The Break—Down x Planet B present: ISSUE #3 Launch Party
Join us to celebrate the third issue of THE BREAK—DOWN: AIRBORNE, with a live podcast and special guests.
We’re having another party! 🎈 Join us at Acrylicize – The Art House, Bethnal Green, to celebrate our third issue, AIRBORNE. We will be joined by Geoff Mann, Daniela Gabor and Oliver Eagleton to discuss climate crisis through and beyond the contents of AIRBORNE.
6:30pm: Doors Open
7-8:00pm: Live Podcast
8:00 - 10pm: Drinks Party!
Tickets are limited, so get yours quickly.
Tickets include a copy of Issue 3!
AIRBORNE
When we think about the climate and ecological crisis, it’s often the cataclysmic events and future projections that come to mind. But these crises are already unfolding all around us - even when the world appears to carry on as normal.
The engines of industrial production that power the modern economy release vast quantities of carbon and pollutants into the air, seeping into our soil, our water, and even our bodies. Air pollution alone is responsible for around ten million deaths each year. And yet this everyday emergency has not fundamentally reshaped how we understand our place in the world.
This issue explores the tensions between global causes and local effects - between the invisible and the immediate. It looks to the air itself: the medium that surrounds us, connects us, and sustains life, even as it becomes increasingly contested and compromised.
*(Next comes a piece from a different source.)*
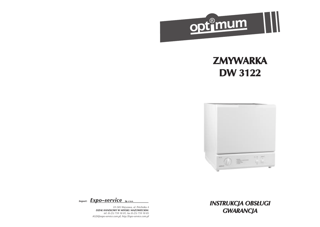 ZMYWARKA DW 3122 Import: 01-585 Warszawa, ul. Próchnika 4 DZIA¸ HANDLOWY W MI¡SKU MAZOWIECKIM: tel. (0-25) 759 18 81, fax (0-25) 759 18 85 [email protected], http://Expo-service.com.pl INSTRUKCJA OBS¸UGI GWARANCJA 61. 62. 63. 64. 65. 66. 67. 68. 69. 70. 71. 72. 73. 74. 75. 76. 77. 78. 79. 80. 81. 82. 83. 84. 85. 86. 87. SOPOT 81-808 SERWIS G.D. ul. 23-go Marca 5, tel. (058) 551-30-11 SUWA¸KI 16-400 ELEKTRODOM-SERWIS, ul. KoÊciuszki 128 tel. (087) 565-37-70 STARGARD SZCZECI¡SKI 73-110 AGD-SERWIS, ul. Kramarska 2/2b tel. (091) 577-26-76 SZCZECIN 70-202 ELEKTRO-DOM, ul. Wyszyƒskiego 27 tel. (091) 488-19-44 SZCZECIN 70-357 AMPOL PHU, ul. Pocztowa 37a tel. (091) 484-31-93 SZCZECINEK 78-400, ZU Elektromechaniki, ul.Szczeciƒska 24 D/6 tel.(094) 374-36-63, 0605 288 141 ÂWIDNIK 21- 040 PREDOM SERWIS, ul. Rac∏awicka 34/44 (0-82) 564-30-80 TARNÓW 33-100 Z.U.N.S.S. AGD, ul. OÊ. 25-lecia PRL blok 1 tel. (014) 621-25-90 TORU¡ 87-100 Z.U.H. AGD, ul. ¸ysakowskiego 29/35 tel. (056) 648-01-73 WEJHEROWO 84-200 B&J HURTOWNIA , ul. Obroƒców Helu 3 tel.( 058) 672-25-90 WIELU¡ 98-300 Z.U. ELDOM-SERWIS, ul. Baranowskiego 5 tel. (043) 843-34-15 WA¸BRZYCH 58-310 Z.U.H. ELDOM, ul. G∏ówna 9 tel. (074) 841-55-08 W¸OC¸AWEK 87-800 Naprawa Sprz´tu AGD, ul. Cyganka 24 tel. (054) 234-10-12 WROC¸AW 50-418 P.U.H. ARD, ul. Traugutta 60 tel. (071) 372-59-49, 341-82-50 WARSZAWA 01-175 JURMAR, ul. M∏ynarska 34 tel. (022) 632-19-52 WARSZAWA 02-517 GRZEÂ, ul. Rakowiecka 2b tel./fax (022) 849-49-74 WARSZAWA Mokotów PHU AGD, ul. ˚u∏awskiego 2 tel. (022) 848-02-93 WARSZAWA 00-157 PUH AGD, ul. Anielewicza 8 (022) 638-24-69 WARSZAWA Bemowo PHU AGD, ul. Unijewska 6 tel. (022) 638-24-69 WARSZAWA 03-203 ABC BAZYL, ul. Bazyliaƒska 6 tel. (022)11-11-14, 614-11-00 WARSZAWA 03-729 RADIONAPRAWA DAC SERVICE, ul. Targowa 63 (022) 619-84-66 ZABRZE 41-800 Z.U.N.S. AGD, ul. Wallisa 14 tel. (032) 275-35-11 ZABRZE 41-800 Servis AGD, ul. Âl´czka 8 (032) 276-86-553 ZAKOPANE 34-500 Z.N.S. AGD ul. Szkolna 8a (018) 206-39-93 ZAMOÂå 22-400 Z.N.S. AGD ELDOM, ul. Spadek 33 tel. (084) 639-32-10 ZGIERZ 95-100 SERWIS AGD, ul. ¸´czycka 55 tel. (042) 716-21-75 ˚ORY 44-240 FHU“EL-TECH“S.C., ul. Rybnicka 113, tel. (032) 435-07-6385 SERWIS CENTRALNY EXPO-SERVICE SP. Z O.O., ul. GROBELNEGO 4 05-300 MI¡SK MAZOWIECKI TEL. 0-25 758 88 19, FAX 0-25 758 36 16 Import: 6 01-585 Warszawa, ul. Próchnika 4 DZIA¸ HANDLOWY W MI¡SKU MAZOWIECKIM: tel. (0-25) 759 18 81, fax (0-25) 759 18 85 [email protected], http://Expo-service.com.pl ZMYWARKA DW 3122 INSTRUKCJA OBS¸UGI WA˚NE ZASADY BEZPIECZE¡STWA: Korzystajàc z urzàdzeƒ elektrycznych zawsze przestrzegaj podstawowych zasad bezpieczeƒstwa, ∏àcznie z ni˝ej podanymi: 1. Przed uruchomieniem urzàdzenia dok∏adnie zapoznaj si´ z instrukcjà obs∏ugi. 2. Sprawdê czy napi´cie w sieci odpowiada parametrom podanym na tabliczce znamionowej. 3. Urzàdzenie, przewód elektryczny, wtyczka nie mogà byç zanu˝ane w jakimkolwiek p∏ynie. 3. Podczas pracy urzàdzenia zwróç uwag´ na znajdujàce si´ w pobli˝u dzieci. Urzàdzenie powinno byç przechowywane w miejscu niedost´pnym dla dzieci. 4. Nie pozwól aby przewód elektryczny zwisa∏ poni˝ej powierzchni, na której ustawiona jest zmywarka, musi on byç niedost´pny dla dzieci. 5. Je˝eli zmywarka ustawiana jest na stole itp. ustawiaj jà jak najdalej od brzegów. 6. Wyjmij wtyczk´ z gniazdka Êciennego, gdy nie u˝ywasz urzàdzenia oraz podczas jego czyszczenia. 7. Zakr´caj dop∏yw wody gdy nie u˝ywasz zmywarki. 8. JeÊli przewód elektryczny, wtyczka lub samo urzàdzenie ulegnie uszkodzeniu lub w wypadku wystàpienia dymienia lub iskrzenia podczas pracy urzàdzenia natychmiast wyjmij wtyczk´ z gniazdka Êciennego i oddaj urzàdzenie do naprawy do autoryzowanego punktu serwisowego. 9. U˝ywaj urzàdzenie wy∏àcznie w pomieszczeniach zadaszonych. 10. Przewód elektryczny nie mo˝e dotykaç nagrzanych powierzchni, albowiem mo˝e to spowodowaç jego uszkodzenie. 11. Nie ustawiaj urzàdzenia w pobli˝u êróde∏ ciep∏a, palników gazowych lub elektrycznych, piekarników itp. 12. U˝ywaj urzàdzenia tylko do tego celu, do którego jest ono przeznaczone. 13. Urzàdzenie mo˝e byç obs∏ugiwane wy∏àcznie przez osoby doros∏e. Dzieciom nie wolno mani pulowaç przy urzàdzeniu. 14. Detergenty u˝ywane do zmywania sà silnie alka- liczne, dlatego te˝ mogà byç bardzo niebezpieczne w przypadku ich spo˝ycia. Unikaj ich kontaktu ze skórà lub oczami. 15. Pod∏àczenie elektryczne i hydrauliczne zmywarki powinno byç dokonane przez osob´ do tego upowa˝nionà. W przypadku samodzielnego pod∏àczania zmywarki nale˝y najpierw zapoznaç si´ z obowiàzujàcymi przepisami. 16. W przypadku napraw nale˝y u˝ywaç wy∏àcznie cz´Êci oryginalnych. 17. Uwa˝aj na wydobywajàcà si´ po otwarciu drzwiczek goràcà par´ po zakoƒczonym procesie zmywania. Urzàdzenie przeznaczone do u˝ytku domowego WPROWADZENIE AbyÊcie Paƒstwo mieli pe∏ne zadowolenie z Waszej nowej zmywarki do naczyƒ, prosimy Was o dok∏adne przeczytanie instrukcji obs∏ugi zanim zaczniecie jà u˝ywaç. Zalecamy równie˝ zachowanie niniejszej instrukcji w razie potrzeby przypomnienia funkcji zmywarki w przysz∏oÊci. POD¸ÑCZENIE Woda Zasilanie – Wà˝ gumowy doprowadzajàcy wod´ jest zaopatrzony z jednego koƒca w specjalnà nakr´tk´. – Dla uzyskania najlepszych rezultatów zaleca si´ pod∏àczanie zmywarki do zimnej lub ciep∏ej wody o ciÊnieniu minimum 2 barów. Przed pod∏àczeniem pozwól, aby sp∏ynà∏ pierwszy strumieƒ wody z ew. zanieczyszczeniami z rur kanalizacyjnych. – W´˝a doprowadzajàcego wod´ nie nale˝y zginaç. Odp∏yw – Wà˝ odprowadzajàcy jest w´˝em spiralnym o otwartym wylocie. Wà˝ ten nale˝y po∏àczyç z rurà kanalizacyjnà lub oprzeç o umywalk´. Wylot w´˝a musi byç tak umiejscowiony aby strumieƒ wody 7 wyp∏ywajàcy z urzàdzenia móg∏ wyp∏ywaç bez zak∏óceƒ. – Wylot

Featuring essays by Adam Almeida and Shruti Iyer on the inequalities of air pollution across time and place, from New York to India; Zsuzsanna Ihar on Scolpaig in the Outer Hebrides, where a proposed spaceport is reshaping the skies; Vera Huwe on the history of air travel; Mae Losasso on the origins of “the environment” in airborne chemical warfare; Cecilia Rikap on cloud computing; Drew Pendergrass on complexity and planning; Natasha Heenan on Australia’s bushfires and the politics of climate repair; a photo essay by Amelie David and Ségolène Ragu on the fight for clean air and energy in Beirut under renewed military assault; and an interview with David Wallace-Wells.
LIVE PODCAST
The 6th of May, we are joined by Geoff Mann, Daniela Gabor and Oliver Eagleton to discuss climate crisis through and beyond the contents of AIRBORNE.
Geoff Mann is Director of the Centre for Global Political Economy, Simon Fraser University. He is the author most recently of In the Long Run We Are All Dead: Keynesianism, Political Economy and Revolution.
Daniela Gabor is Professor of Economics at SOAS University of London. She studies central banks, shadow money, just transitions and green industrial policies through a critical macrofinance lens.
Oliver Eagleton is the editor of Tribune and a contributing editor at Phenomenal World.